Using machine learning to improve dialog flow in conversational applications

[A version of this post appears on the O’Reilly Radar.]

The O’Reilly Data Show Podcast: Alan Nichol on building a suite of open source tools for chatbot developers.

In this episode of the Data Show, I spoke with Alan Nichol, co-founder and CTO of Rasa, a startup that builds open source tools to help developers and product teams build conversational applications. About 18 months ago, there was tremendous excitement and hype surrounding chatbots, and while things have quieted lately, companies and developers continue to refine and define tools for building conversational applications. We spoke about the current state of chatbots, specifically about the types of applications developers are building today and how he sees conversational applications evolving in the near future.

As I described in a recent post, workflow automation will happen in stages. With that in mind, chatbots and intelligent assistants are bound to improveas underlying algorithms, technologies, and training data get better.

Here are some highlights from our conversation:

Chatbots and state machines

The first component is what we call natural language understanding, which typically means taking a short message that a user sends and extracting some meaning from it, which means turning it into structured data. In the case we talked about regarding the SQL database, if somebody asks, for example, ‘What was my ROI on my Facebook campaigns last month?’, the first thing you want to understand is that this is a data question and you want to assign it a label identifying it as a person, and they’re not saying hello, or goodbye, or thank you, but asking a specific question. Then you want to pick out those fields to help you create a query.
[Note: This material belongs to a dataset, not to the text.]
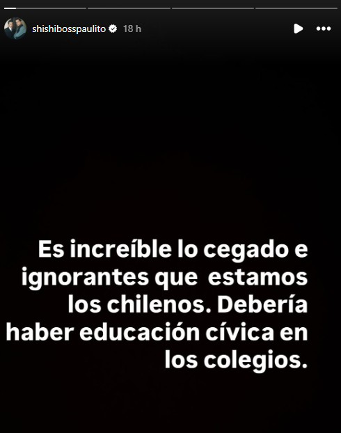 "Es increíble lo cegados e ignorantes que estamos los chilenos. Debería haber educación cívica en los colegios", apuntó en su cuenta de Instagram.

… The second piece is, how do you actually know what to do next? How do you build a system that can hold a conversation that is coherent? What you realize very quickly is that it’s not enough to have one input always matched to the same output. For example, if you ask somebody a yes or no question and they say, ‘yes,’ the next thing to do, of course, depends on what the original question was.

… Real conversations aren’t stateless; they have some context and they need to pay attention to the history. So, the way developers do that is build a state machine. Which means, for example, that you have a bot that can do some different things. It can talk about flights; it can talk about hotels. Then you define different states for when the person is still searching, or for when they are comparing different things, or for when they finish a booking. And then you have to define rules for how to behave for every input, for every possible state.

Beyond state machines

The problem is that [the state machine] approach works for building your first version, but it really restricts you to what we call “the happy parts,” which is where the user is compliant and cooperative and does everything you ask them to do. But in typical cases, you ask a person, “Do you like option A, or option B?” Then you probably build the path for the person saying, A, you build a path for the person saying B. But then you give it to real users, and they say, “No, I don’t like either of those.” Or they ask a question like, “Why is A so much more expensive than B?” Or, “Let me get back to you about that.”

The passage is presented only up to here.